With images removed, return the whole listing exactly as written.

** DATASET SECTION follows **

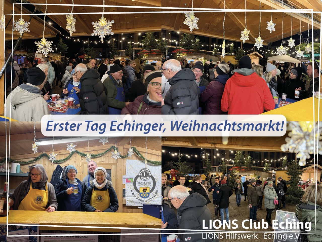 Am 6. Dezember 2025 öffnete der traditionelle Christkindlmarkt in Eching pünktlich um 15 Uhr seine Pforten. Der Lions Club war wieder mit einem großen, liebevoll gestalteten Stand vertreten und sorgte mit seinem bekannten Angebot für vorweihnachtliche Genüsse.
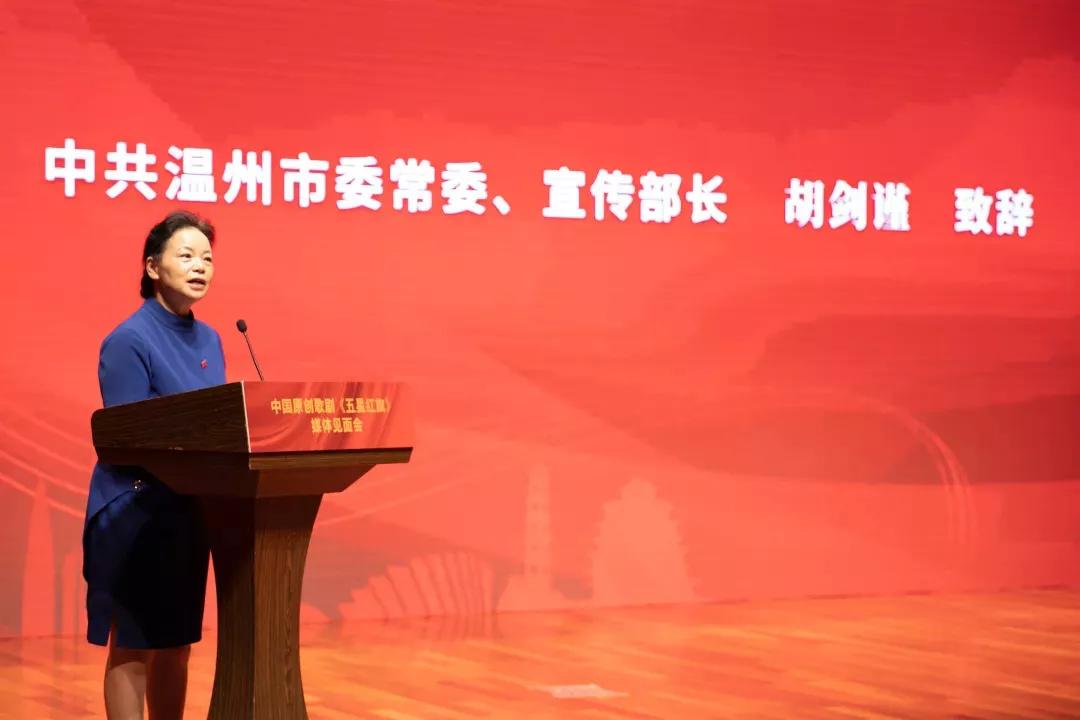 市委常委、宣传部长胡剑谨表示,歌剧《五星红旗》是一部聚焦“不忘初心 牢记使命”主题的爱国主义教育剧,希望通过创作这样一部原创歌剧,让更多人了解熟知国旗背后的革命故事,这也是当前对党员干部“不忘初心 牢记使命”最生动的一堂爱国主义教育课;歌剧《五星红旗》是一部全面展示温州红色文化内涵的城市形象宣传剧,希望通过创作这样一部原创歌剧,把一个全面立体、历史厚重的温州展示出来,让更多人知道,温州不仅是民营经济的高地,是革命精神的高地,也是文化建设的高地;歌剧《五星红旗》是一部为民惠民的文化普及剧,希望通过创作这样一部原创歌剧,进一步宣传和普及歌剧艺术,不断丰富温州市民精神文化生活。
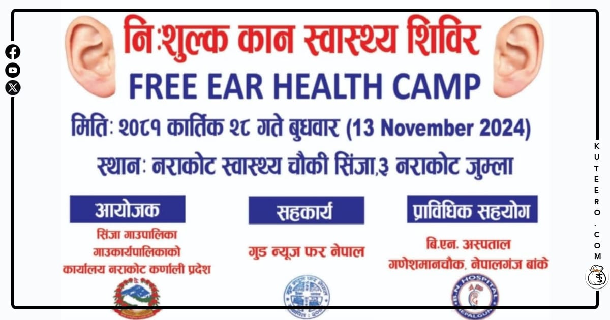 जुम्लाको सिंजा गाउँपालिकामा आगामी कार्तिक २८ गते (बुधबार) नराकोट स्वास्थ्य चौकीमा निशुल्क कान स्वास्थ्य शिविर आयोजना हुने भएको छ। ग्रामीण क्षेत्रमा कान उपचार सेवाको अभावमा विभिन्न कानसम्बन्धी समस्याबाट पीडित नागरिकलाई गुणस्तरीय स्वास्थ्य सेवा प्रदान गर्नु शिविरको उदेश्य रहेको छ।
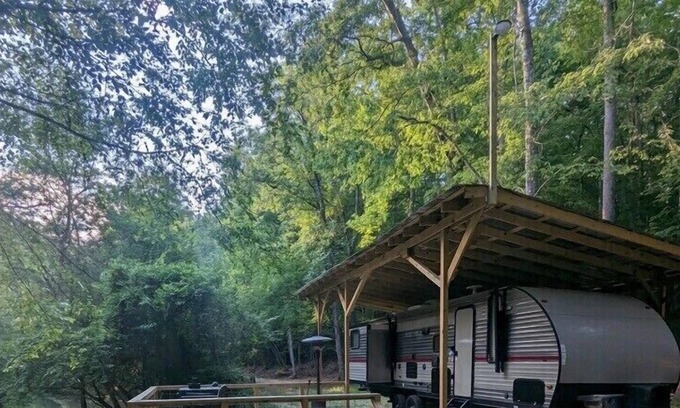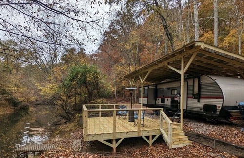 Escape to The Tallapoosa River Hideaway, a secluded campsite with camper nestled on the Tallapoosa River. This private retreat offers stunning riverfront views and direct access for swimming, fishing, and exploring. Perfect for families, the waist-deep water features shallow areas ideal for young children. Message with any questions!

** End of DATASET SECTION **

REPLY TO THE TASK =>
 Am 6. Dezember 2025 öffnete der traditionelle Christkindlmarkt in Eching pünktlich um 15 Uhr seine Pforten. Der Lions Club war wieder mit einem großen, liebevoll gestalteten Stand vertreten und sorgte mit seinem bekannten Angebot für vorweihnachtliche Genüsse.
 市委常委、宣传部长胡剑谨表示,歌剧《五星红旗》是一部聚焦“不忘初心 牢记使命”主题的爱国主义教育剧,希望通过创作这样一部原创歌剧,让更多人了解熟知国旗背后的革命故事,这也是当前对党员干部“不忘初心 牢记使命”最生动的一堂爱国主义教育课;歌剧《五星红旗》是一部全面展示温州红色文化内涵的城市形象宣传剧,希望通过创作这样一部原创歌剧,把一个全面立体、历史厚重的温州展示出来,让更多人知道,温州不仅是民营经济的高地,是革命精神的高地,也是文化建设的高地;歌剧《五星红旗》是一部为民惠民的文化普及剧,希望通过创作这样一部原创歌剧,进一步宣传和普及歌剧艺术,不断丰富温州市民精神文化生活。
 जुम्लाको सिंजा गाउँपालिकामा आगामी कार्तिक २८ गते (बुधबार) नराकोट स्वास्थ्य चौकीमा निशुल्क कान स्वास्थ्य शिविर आयोजना हुने भएको छ। ग्रामीण क्षेत्रमा कान उपचार सेवाको अभावमा विभिन्न कानसम्बन्धी समस्याबाट पीडित नागरिकलाई गुणस्तरीय स्वास्थ्य सेवा प्रदान गर्नु शिविरको उदेश्य रहेको छ।
 Escape to The Tallapoosa River Hideaway, a secluded campsite with camper nestled on the Tallapoosa River. This private retreat offers stunning riverfront views and direct access for swimming, fishing, and exploring. Perfect for families, the waist-deep water features shallow areas ideal for young children. Message with any questions!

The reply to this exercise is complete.